* Task to complete
From the entries below, reproduce exactly the lines from the one with "Ebenfalls verabschiedete Heiko" through the one with "SIGNAMAX Keystone Faceplate, 1", both included, without images.

* Input data
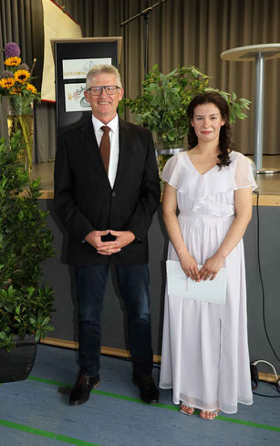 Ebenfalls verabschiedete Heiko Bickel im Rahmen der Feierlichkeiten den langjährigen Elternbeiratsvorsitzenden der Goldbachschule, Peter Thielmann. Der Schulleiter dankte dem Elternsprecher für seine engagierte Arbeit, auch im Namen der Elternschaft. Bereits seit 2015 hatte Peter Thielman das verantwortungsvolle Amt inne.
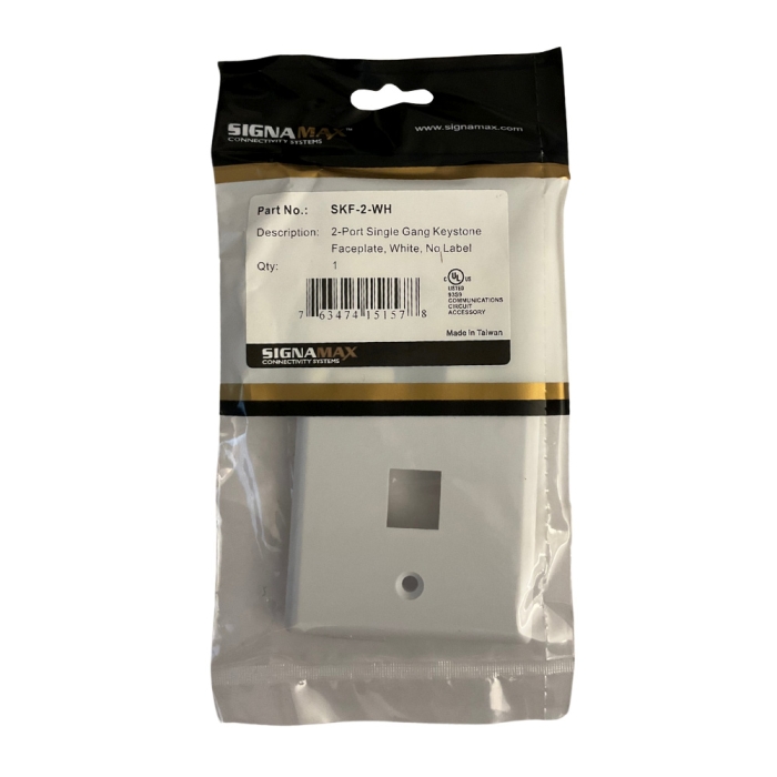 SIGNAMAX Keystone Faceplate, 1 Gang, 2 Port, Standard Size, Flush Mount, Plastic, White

...

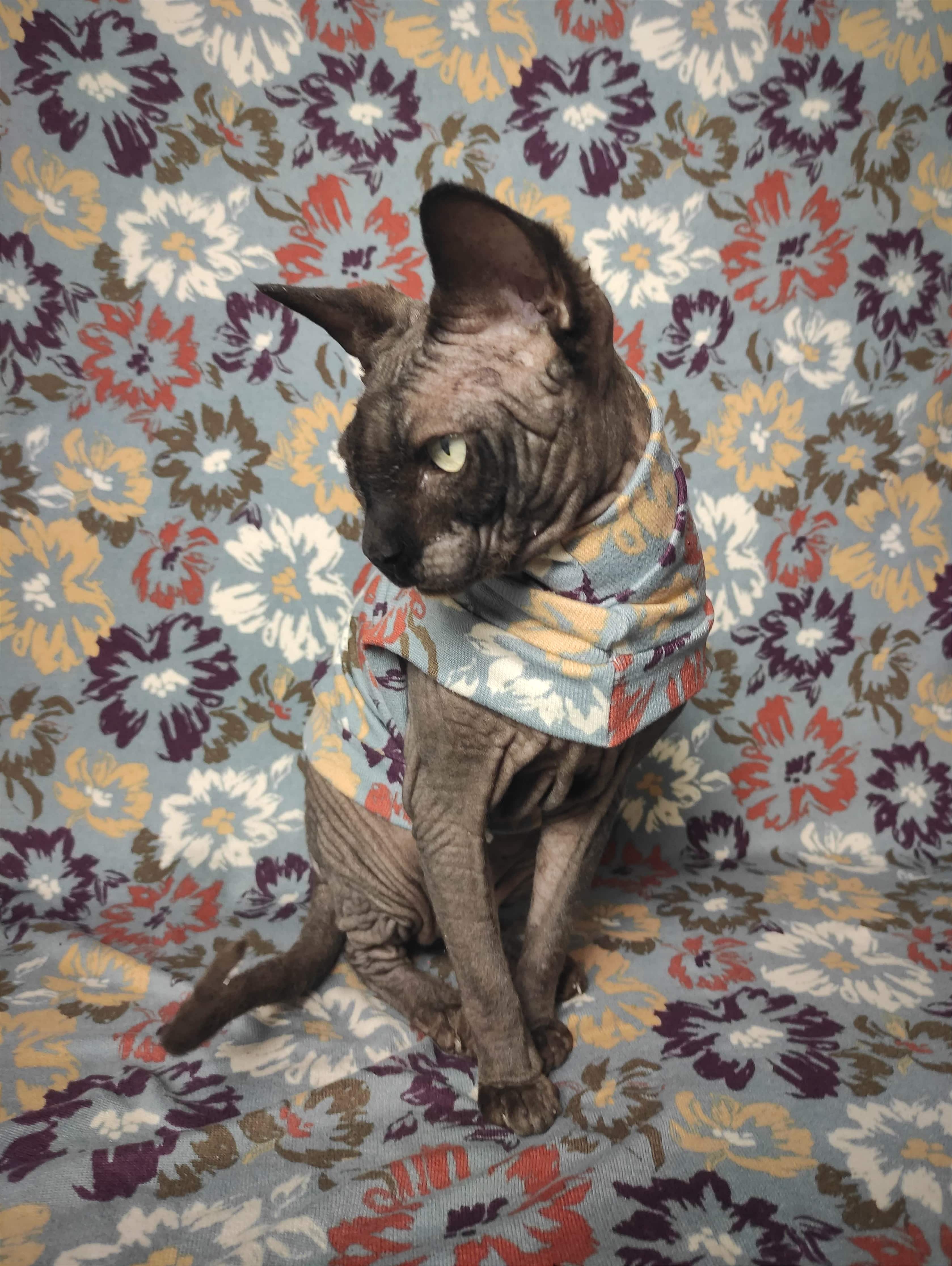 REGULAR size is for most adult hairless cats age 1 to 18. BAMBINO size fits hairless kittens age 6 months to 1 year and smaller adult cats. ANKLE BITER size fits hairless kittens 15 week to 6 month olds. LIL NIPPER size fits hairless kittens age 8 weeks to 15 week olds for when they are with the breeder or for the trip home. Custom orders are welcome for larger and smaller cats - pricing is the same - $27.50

* Exercise output
 Ebenfalls verabschiedete Heiko Bickel im Rahmen der Feierlichkeiten den langjährigen Elternbeiratsvorsitzenden der Goldbachschule, Peter Thielmann. Der Schulleiter dankte dem Elternsprecher für seine engagierte Arbeit, auch im Namen der Elternschaft. Bereits seit 2015 hatte Peter Thielman das verantwortungsvolle Amt inne.
 SIGNAMAX Keystone Faceplate, 1 Gang, 2 Port, Standard Size, Flush Mount, Plastic, White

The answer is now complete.